───── Data for this exercise ─────
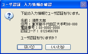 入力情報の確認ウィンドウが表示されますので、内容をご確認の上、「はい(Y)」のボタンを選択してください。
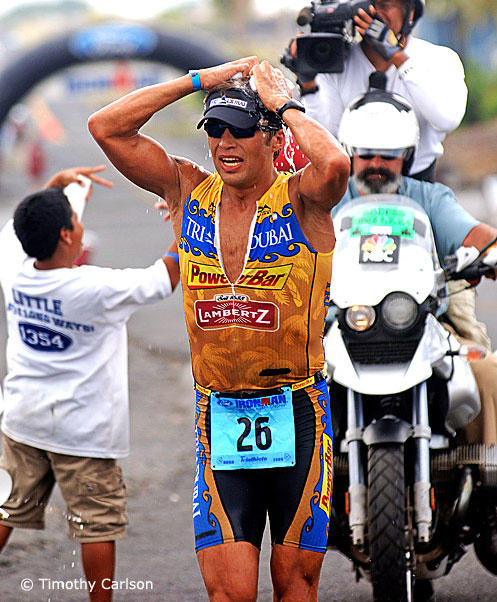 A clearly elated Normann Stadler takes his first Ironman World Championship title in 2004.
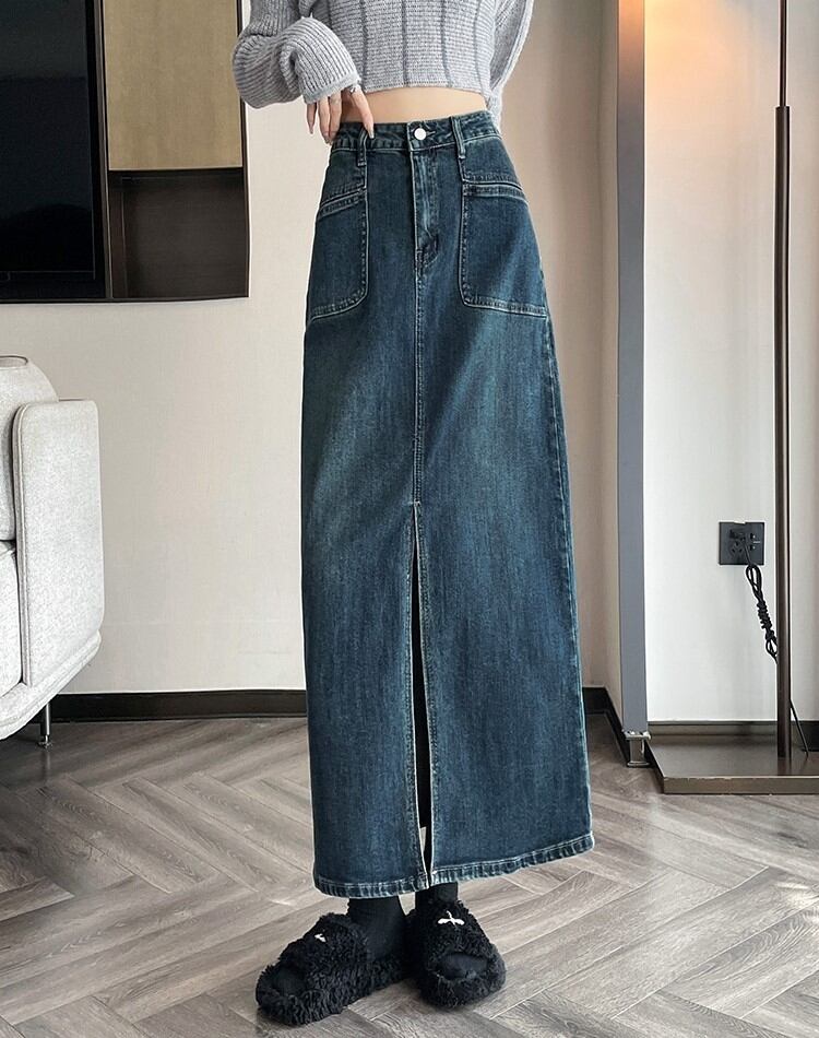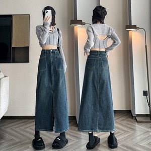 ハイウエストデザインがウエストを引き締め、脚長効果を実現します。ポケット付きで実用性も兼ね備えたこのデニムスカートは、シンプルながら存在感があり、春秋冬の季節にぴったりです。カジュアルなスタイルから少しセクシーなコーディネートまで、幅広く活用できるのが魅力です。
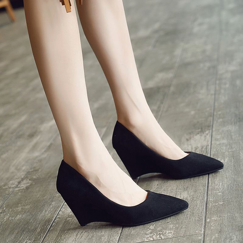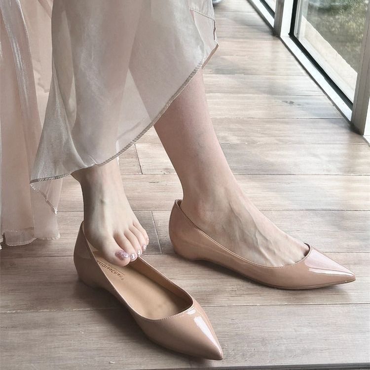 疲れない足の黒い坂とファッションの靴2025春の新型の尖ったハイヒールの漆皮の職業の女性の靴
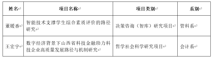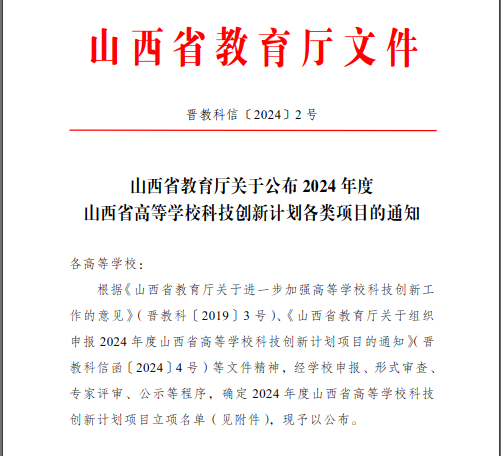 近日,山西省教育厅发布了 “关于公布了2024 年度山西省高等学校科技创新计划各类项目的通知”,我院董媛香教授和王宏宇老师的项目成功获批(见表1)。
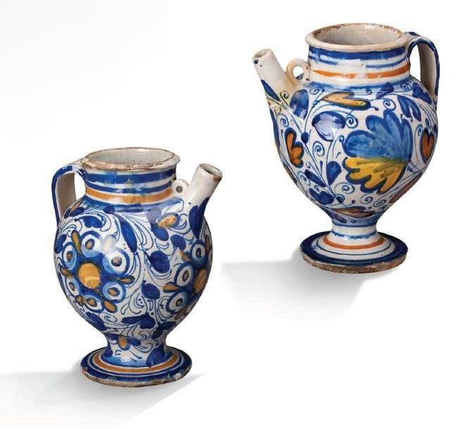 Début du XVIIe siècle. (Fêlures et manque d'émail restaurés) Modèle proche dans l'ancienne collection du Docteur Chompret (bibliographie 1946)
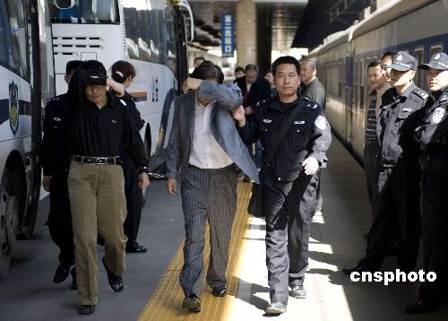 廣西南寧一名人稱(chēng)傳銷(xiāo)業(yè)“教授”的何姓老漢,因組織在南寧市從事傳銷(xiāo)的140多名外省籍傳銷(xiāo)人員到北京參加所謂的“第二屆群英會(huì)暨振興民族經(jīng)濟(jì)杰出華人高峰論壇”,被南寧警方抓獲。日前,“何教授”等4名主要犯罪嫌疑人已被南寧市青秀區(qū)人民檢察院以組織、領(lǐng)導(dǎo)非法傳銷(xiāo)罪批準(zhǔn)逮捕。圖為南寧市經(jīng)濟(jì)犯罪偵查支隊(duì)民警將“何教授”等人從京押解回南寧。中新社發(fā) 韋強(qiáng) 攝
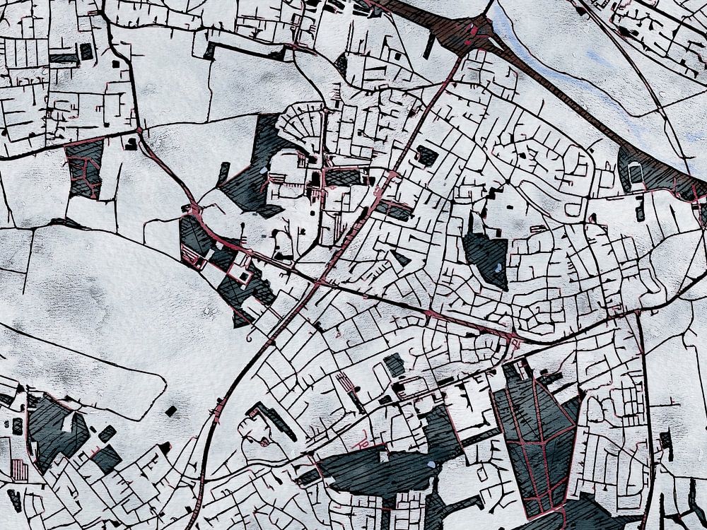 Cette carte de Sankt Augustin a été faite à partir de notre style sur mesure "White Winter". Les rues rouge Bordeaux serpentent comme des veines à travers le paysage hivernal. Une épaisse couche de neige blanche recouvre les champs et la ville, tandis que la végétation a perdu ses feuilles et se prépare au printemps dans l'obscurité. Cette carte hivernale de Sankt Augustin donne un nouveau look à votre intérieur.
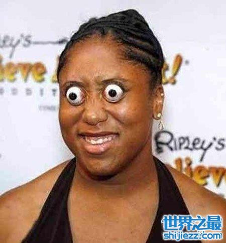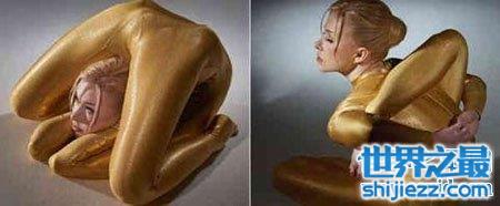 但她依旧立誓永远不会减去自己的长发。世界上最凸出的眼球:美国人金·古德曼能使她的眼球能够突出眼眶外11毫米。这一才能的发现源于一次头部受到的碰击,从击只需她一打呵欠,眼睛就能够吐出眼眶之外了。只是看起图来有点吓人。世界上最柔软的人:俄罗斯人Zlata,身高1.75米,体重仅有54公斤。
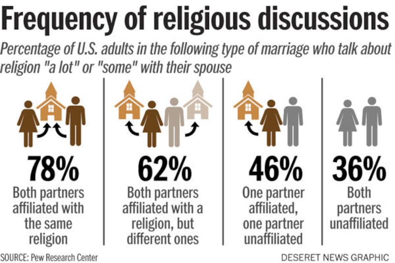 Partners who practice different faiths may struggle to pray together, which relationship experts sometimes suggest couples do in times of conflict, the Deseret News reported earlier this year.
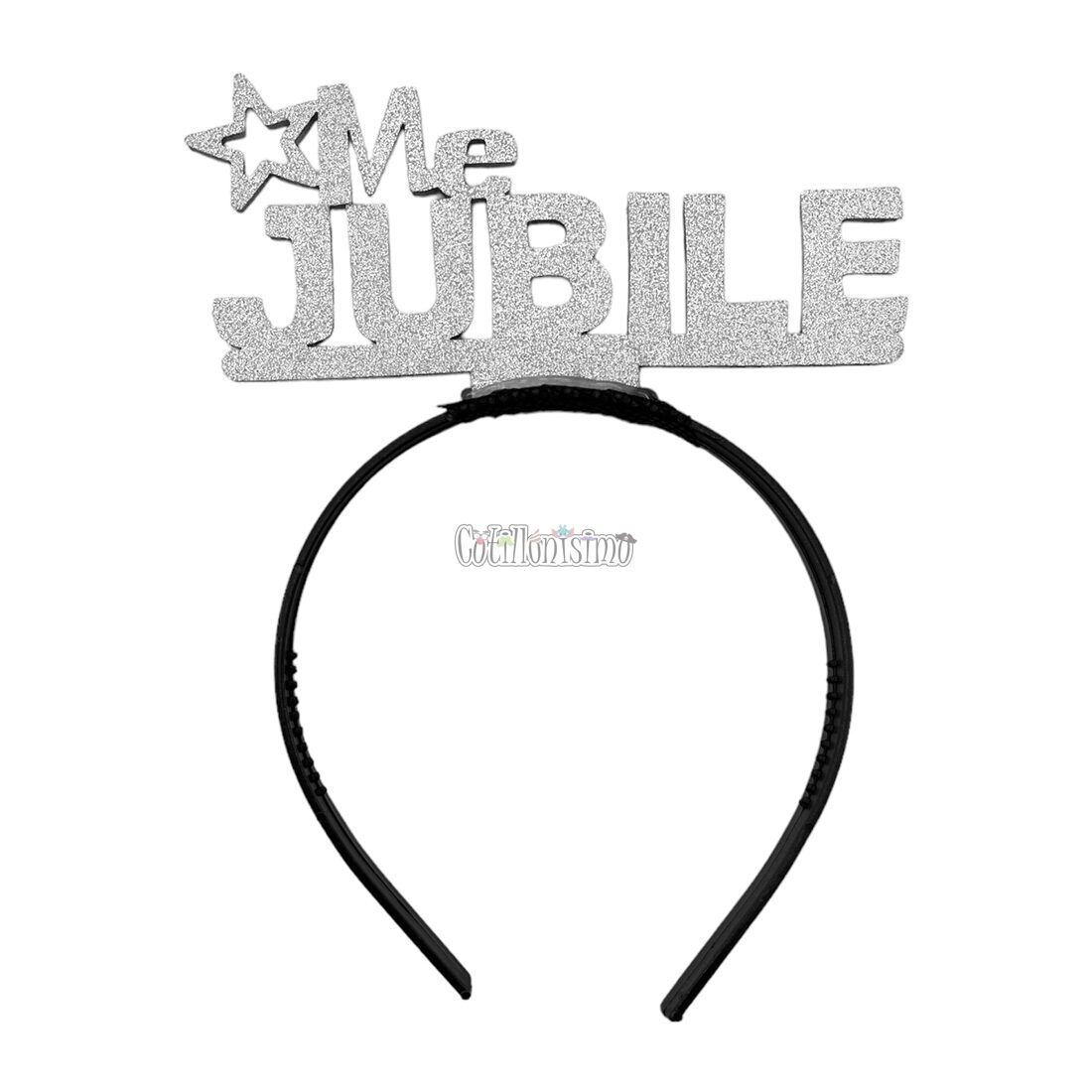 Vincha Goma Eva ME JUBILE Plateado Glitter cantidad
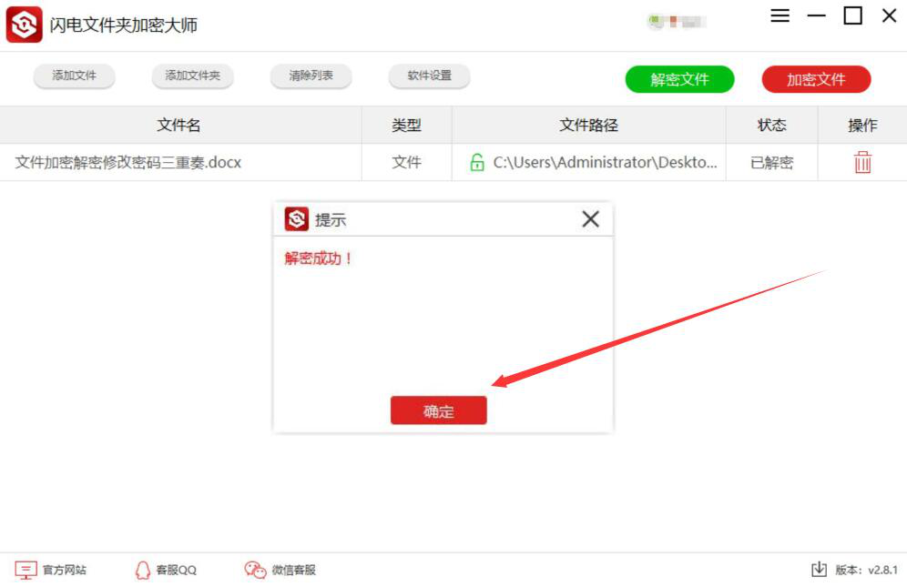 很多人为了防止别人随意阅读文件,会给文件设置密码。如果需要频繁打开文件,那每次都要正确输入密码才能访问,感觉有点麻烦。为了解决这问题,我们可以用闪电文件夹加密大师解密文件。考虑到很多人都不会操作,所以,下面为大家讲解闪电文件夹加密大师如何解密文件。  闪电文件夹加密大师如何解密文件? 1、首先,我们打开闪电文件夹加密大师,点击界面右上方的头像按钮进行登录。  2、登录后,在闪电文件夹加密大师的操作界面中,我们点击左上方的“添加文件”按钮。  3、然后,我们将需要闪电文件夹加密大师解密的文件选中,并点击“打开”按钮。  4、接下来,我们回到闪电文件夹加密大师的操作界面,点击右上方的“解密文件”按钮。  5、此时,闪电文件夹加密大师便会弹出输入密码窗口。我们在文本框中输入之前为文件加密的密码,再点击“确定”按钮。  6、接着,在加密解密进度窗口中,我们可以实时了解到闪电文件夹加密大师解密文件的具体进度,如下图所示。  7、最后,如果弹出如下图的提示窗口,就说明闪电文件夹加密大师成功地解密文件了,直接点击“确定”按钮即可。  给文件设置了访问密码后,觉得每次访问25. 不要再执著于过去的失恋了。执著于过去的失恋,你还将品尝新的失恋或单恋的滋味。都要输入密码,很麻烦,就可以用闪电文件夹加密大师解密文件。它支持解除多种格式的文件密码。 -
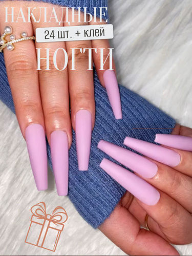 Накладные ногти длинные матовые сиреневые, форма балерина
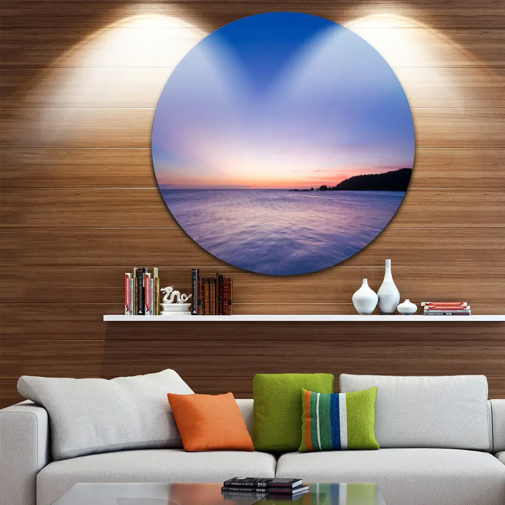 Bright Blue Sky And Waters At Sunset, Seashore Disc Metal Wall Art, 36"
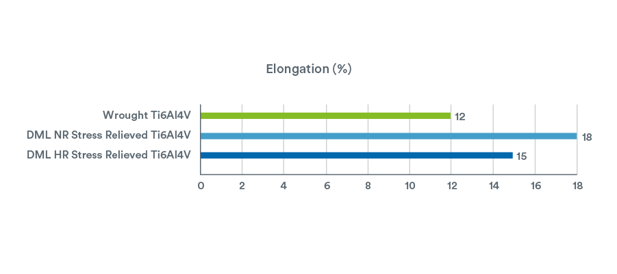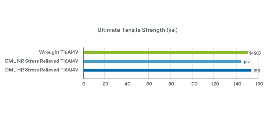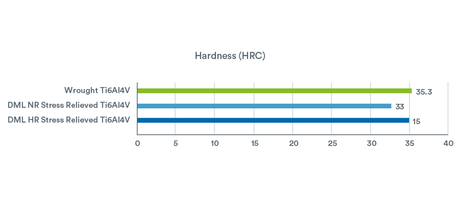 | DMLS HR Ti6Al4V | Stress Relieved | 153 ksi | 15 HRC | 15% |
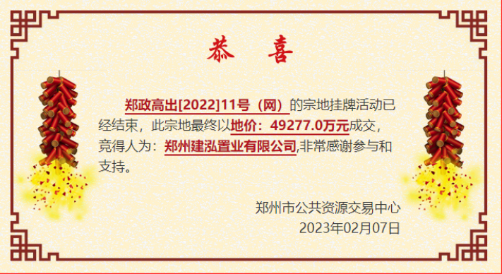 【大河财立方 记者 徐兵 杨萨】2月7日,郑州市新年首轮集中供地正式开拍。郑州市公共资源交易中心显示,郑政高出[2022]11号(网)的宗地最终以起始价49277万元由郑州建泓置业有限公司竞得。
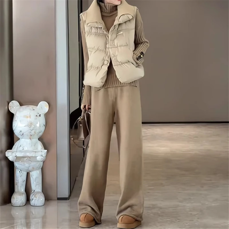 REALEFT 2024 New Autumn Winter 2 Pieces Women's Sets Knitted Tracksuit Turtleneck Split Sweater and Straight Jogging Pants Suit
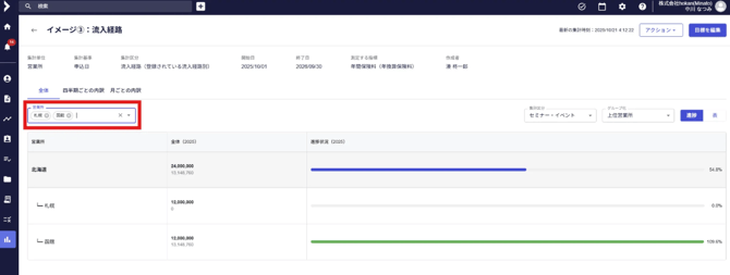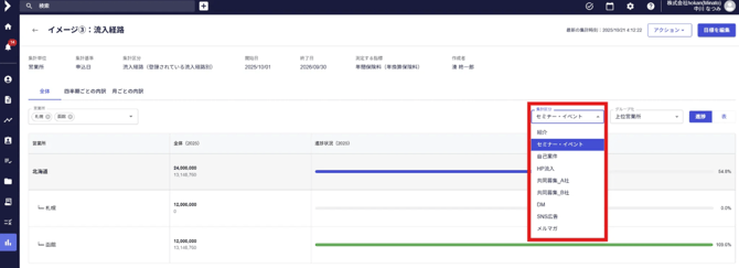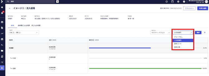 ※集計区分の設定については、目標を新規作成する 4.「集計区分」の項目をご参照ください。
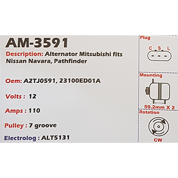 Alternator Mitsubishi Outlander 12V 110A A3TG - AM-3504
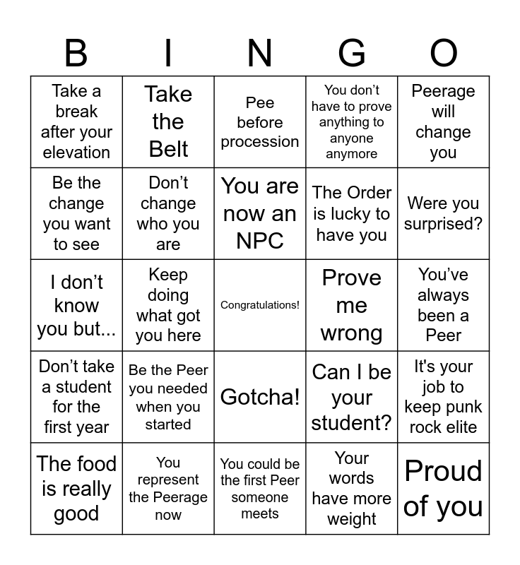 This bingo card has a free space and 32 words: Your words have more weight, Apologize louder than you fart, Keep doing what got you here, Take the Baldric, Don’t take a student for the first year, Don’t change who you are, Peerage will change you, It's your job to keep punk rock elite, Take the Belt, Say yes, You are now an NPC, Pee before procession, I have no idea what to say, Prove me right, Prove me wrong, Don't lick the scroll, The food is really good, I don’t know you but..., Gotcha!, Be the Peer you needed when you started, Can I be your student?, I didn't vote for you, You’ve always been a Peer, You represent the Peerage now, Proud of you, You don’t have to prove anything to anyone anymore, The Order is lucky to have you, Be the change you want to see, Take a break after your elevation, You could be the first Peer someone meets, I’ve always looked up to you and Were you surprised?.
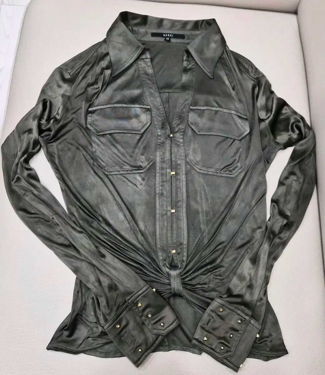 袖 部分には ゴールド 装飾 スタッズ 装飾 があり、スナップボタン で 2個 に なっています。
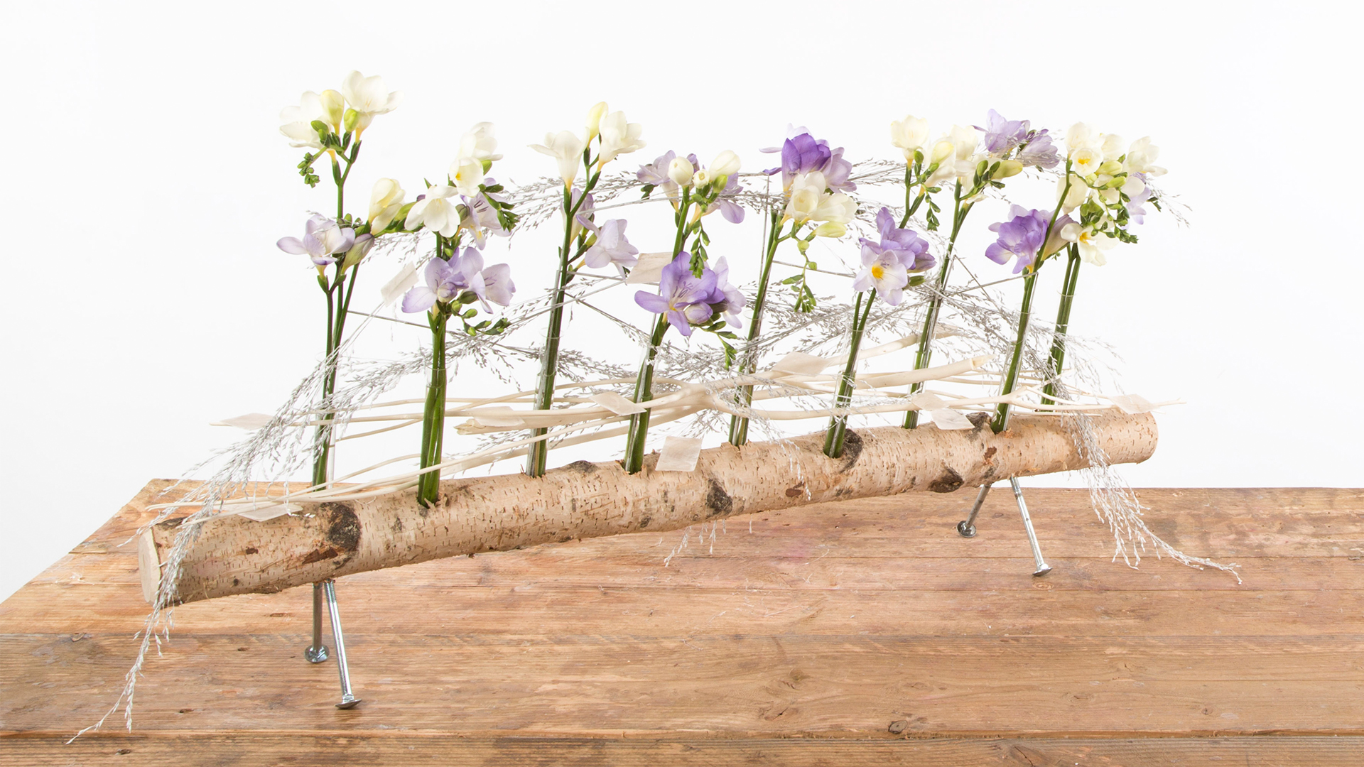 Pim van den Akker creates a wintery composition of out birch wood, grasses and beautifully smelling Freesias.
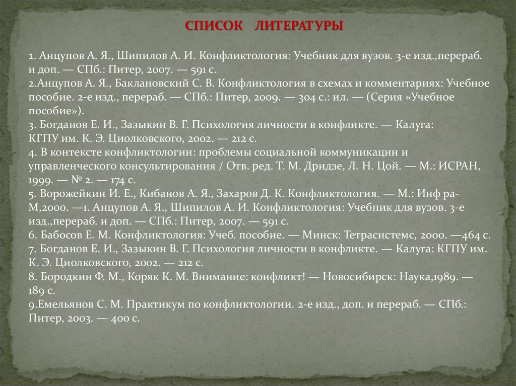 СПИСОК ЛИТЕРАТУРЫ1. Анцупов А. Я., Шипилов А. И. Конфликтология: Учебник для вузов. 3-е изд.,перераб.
─────
- _What is needed_
From the data above, return exactly the lines from the one with "REALEFT 2024 New" up to and including the one with "Alternator Mitsubishi Outlander". Pictures do not go in the copy.

- _Finished exercise_
 REALEFT 2024 New Autumn Winter 2 Pieces Women's Sets Knitted Tracksuit Turtleneck Split Sweater and Straight Jogging Pants Suit
 ※集計区分の設定については、目標を新規作成する 4.「集計区分」の項目をご参照ください。
 Alternator Mitsubishi Outlander 12V 110A A3TG - AM-3504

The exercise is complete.